The scan methodology is now accepted as a necessity for testing moderately sized to large digital designs scheduled for volume production. There's a logic penalty, though, because every flip-flop or latch must be converted to a scannable flip-flop or latch.

Similarly, embedded memory testing initially was performed either by using a tester to provide the sequence of patterns to the memory, or via an internal processor to generate and verify a sequence of writes and reads. Both of these strategies became very difficult with the increasing size and speed of embedded memories. One solution applied the desired sequences from a circuit within the logic-memory built-in self-test (BIST).

Today, the foundation of testing for digital devices is built on scan and memory BIST. Both methodologies incur an increase in area. But because the value is so significant, usually memory BIST should be used for large memories and scan for random logic.

Memory Testing
Increased integration enables many more functions to be embedded within one device. As a result, designs commonly contain large memory banks as well as many small memories distributed through the device.
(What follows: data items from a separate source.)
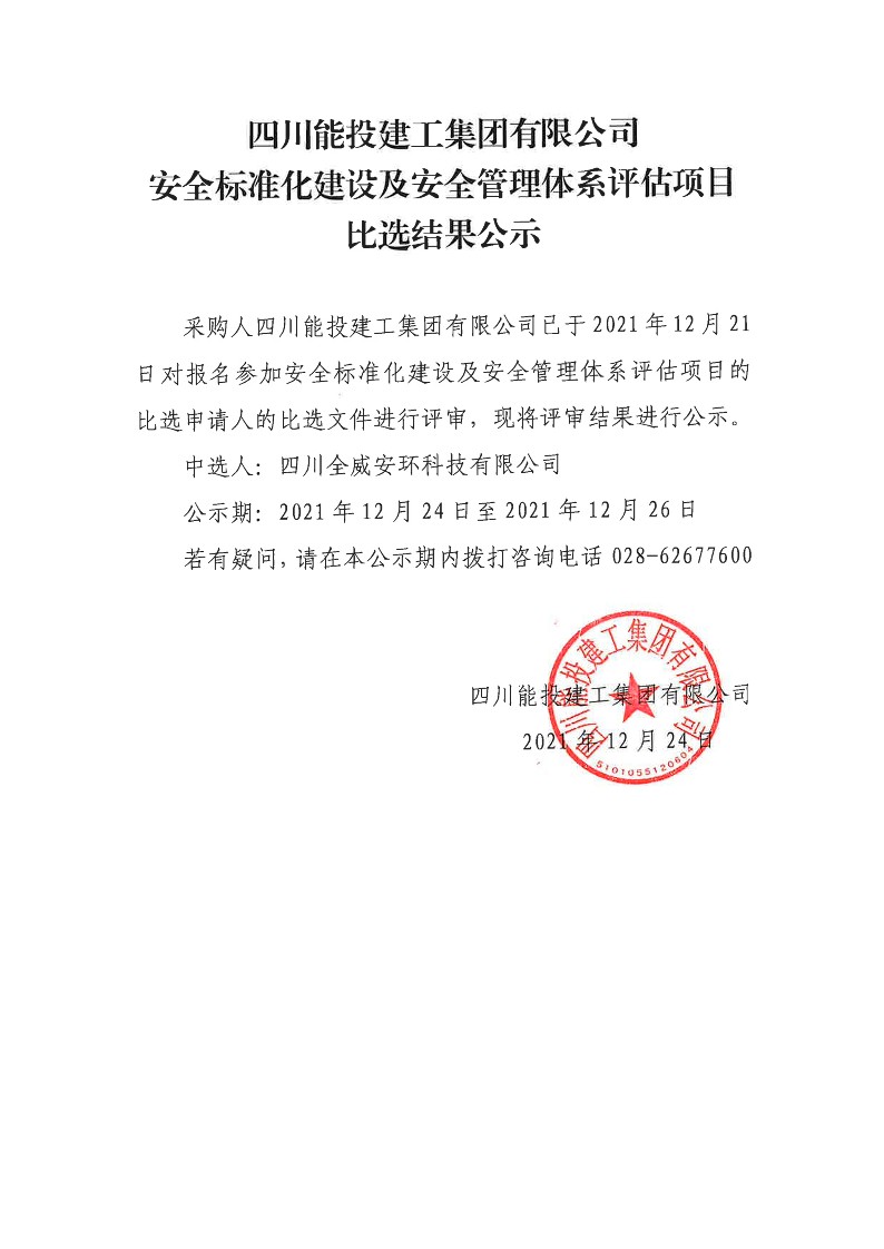 安全标准化建设及安全管理体系评估项目比选结果公示
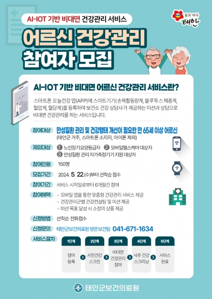 군에 따르면, 태안군보건의료원은 지역 65세 이상 노인을 대상으로 스마트폰 앱을 활용한 비대면 건강관리 서비스인 ‘AI-IOT 기반 어르신 건강관리 사업’을 추진키로 하고 5월 22일부터 선착순 신청·접수를 받는다.
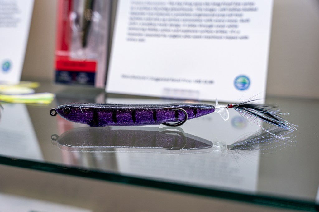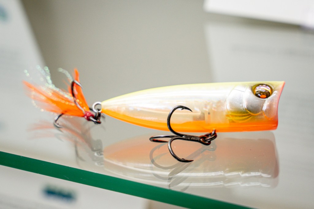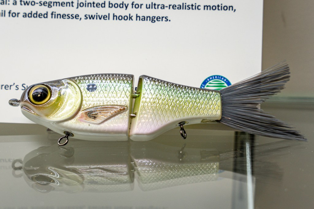 Comes rigged with BBZ patented hard plastic segmented tail for more action. Classic gurgling/bubbling topwater sound on a steady retrieve and heavy knocking sound on a “walk the dog” twitch retrieve. Comes rigged on stainless steel split rings and high-end black nickel treble hooks. Available in two sizes: A one piece 2 1/2″ size and two piece 3 ½” size. Tails are replaceable.
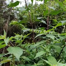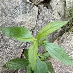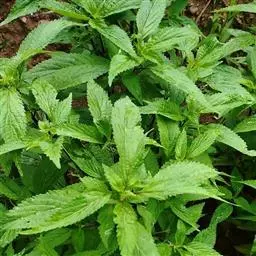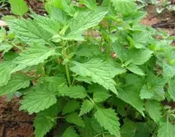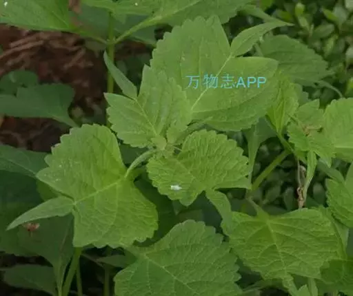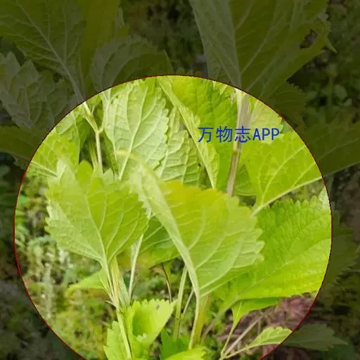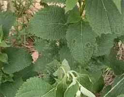 茎叶对生,圆形或圆状卵圆形,长(4)6-13厘米,宽3(4)-10厘米,先端具深凹,凹缺中有一尾状长尖的顶齿,顶齿长4-6厘米,基部渐狭至中肋,全缘或下部有1-2对粗锯齿,叶片基部宽楔形或近截形,骤然渐狭下延至叶柄,边缘在基部以上具粗大的牙齿状锯齿,齿尖具胼胝体,上面暗绿色,沿脉上密被微柔毛,余部散布糙伏毛伏小硬毛,下面淡绿色,沿脉上疏被微柔毛,余部无毛,散布淡黄色腺点,侧脉3-4对,两面隆起,平行细脉明显;叶柄长0.6-6厘米,向茎顶变短,腹凹背凸,疏被微柔毛,上部具翅。
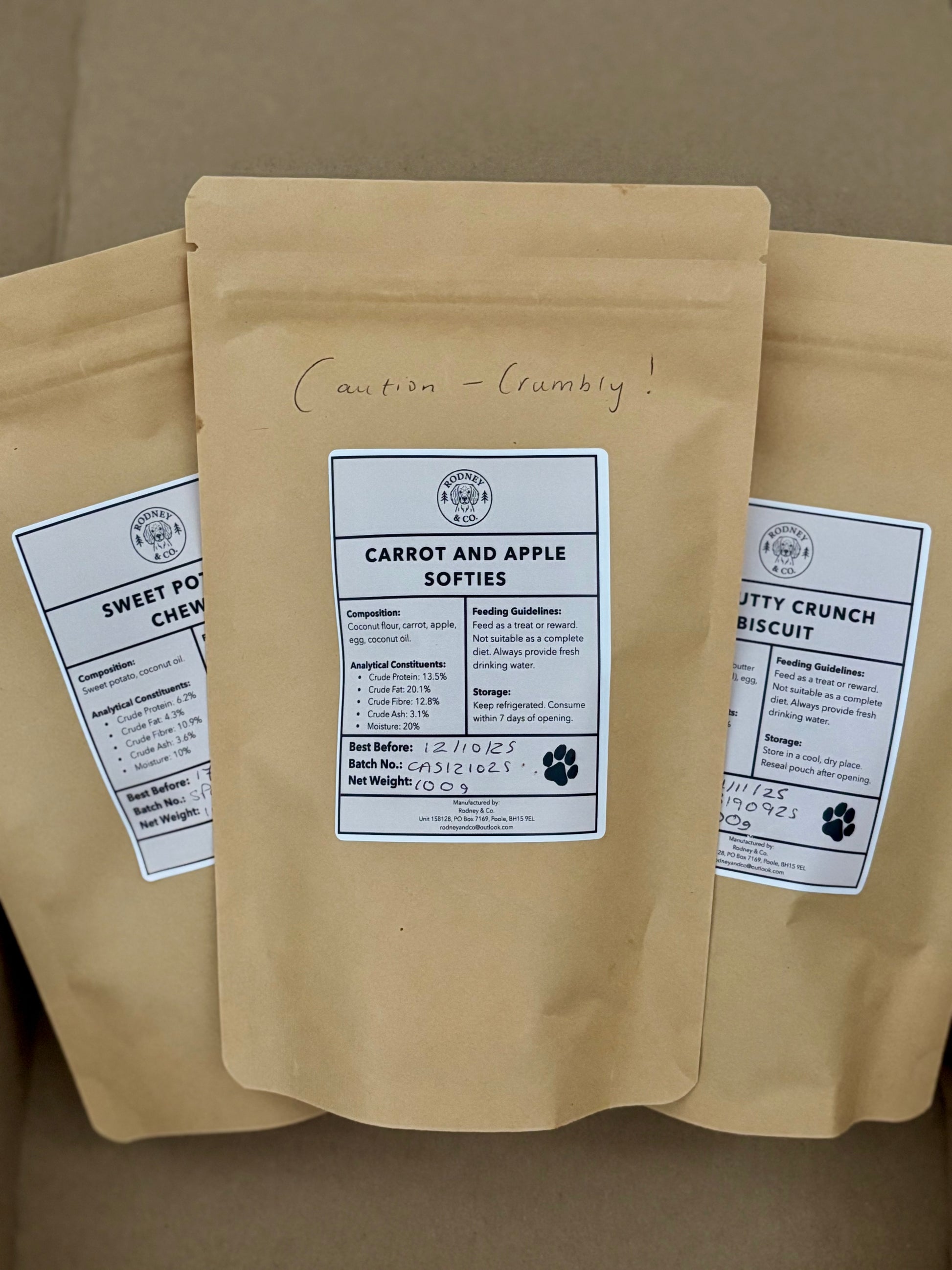 Free from artificial colours, flavours or preservatives, this bundle offers a variety of flavours and textures to keep tails wagging and taste buds happy. Whether you’re stocking up for adventures, training, or simply spoiling your best friend, the Rodney & Co. Treat Bundle makes it easy to share wholesome goodness, straight from our kitchen to your dog’s.
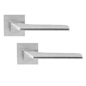 Італійські ручки на розеті популярної торгової марки FIMET. Найкращий вибір для міжкімнатних дверей. Виготовленні з високоякісного латунного сплаву за традиційними італійськими технологіями виробництва. Нажимна частина ручки приємно лягає в руку та зручна у використанні. Завдяки спеціальній двозавитковій пружині ручка не буде провисати. Багатошарове гальванічне покриття забезпечить стійкість кольорового відтінку до стирання та подряпин. Трендовий колір матовий хром чудово підкреслить приміщення з сірими відтінками. Сучасний дизайн в стилі хай-тек буде ідеальним вибором для дверного полотна з прямими лініями.
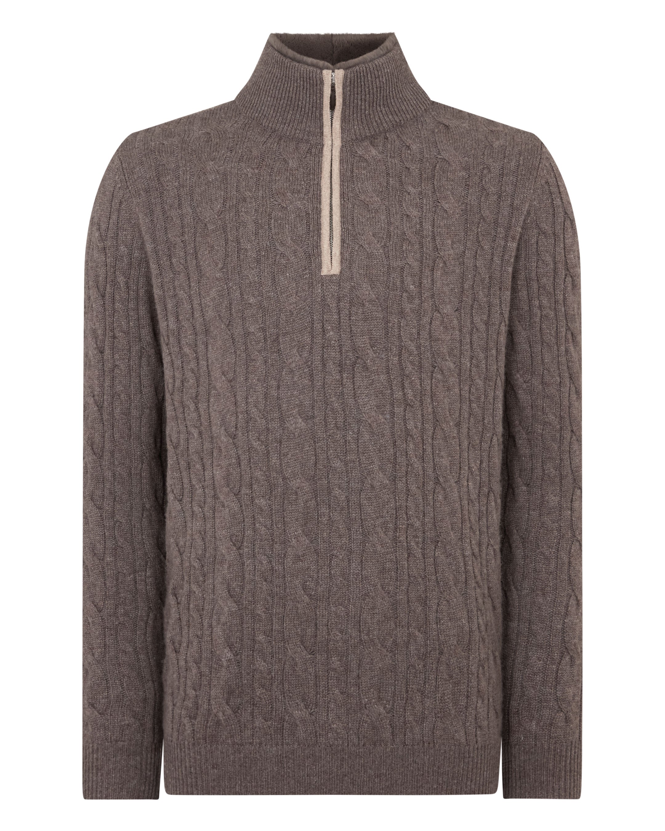 Men's Fur Trim Half Zip Cashmere Jumper In Otter Brown
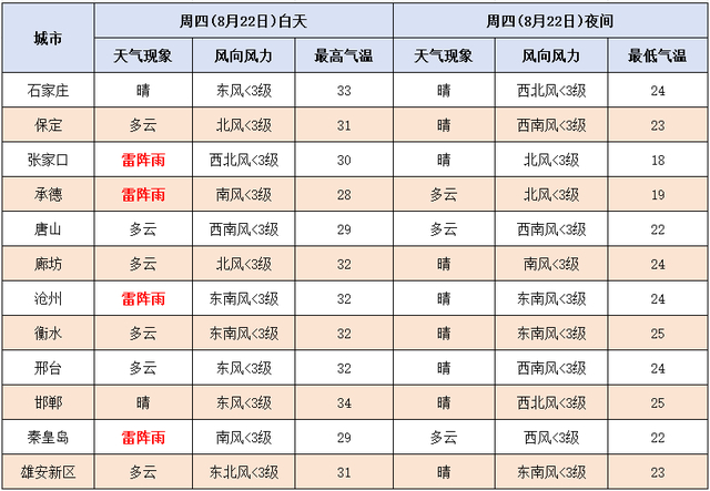 今天夜间,秦皇岛阴有中到大雨,其他地区多云间阴有分散性雷阵雨或阵雨。最低气温,张家口、承德北部、保定西北部13~18℃,其他地区19~24℃。

Designs can often have over 400 small memories, many existing in a timing-critical interface.

The routing and area required to implement a memory BIST solution to test all of these memories would slow down the development cycle and have a significant impact on the production yield. However, embedded memories must be tested with at least a simple March algorithm to detect common memory defects. Without applying a memory test algorithm to the small memories, test quality will suffer. Defective devices will escape detection during test and be shipped. This situation posed a critical problem with few viable solutions. The traditional options were:

  • Add memory BIST to all small memories. Test quality will be improved, but area and routing will take a significant hit.
  • Don't test the small memories. No increase in area or routing, but test quality will suffer.
  • Develop functional patterns from an internal processor. This allows high-quality test without increasing area or routing overhead.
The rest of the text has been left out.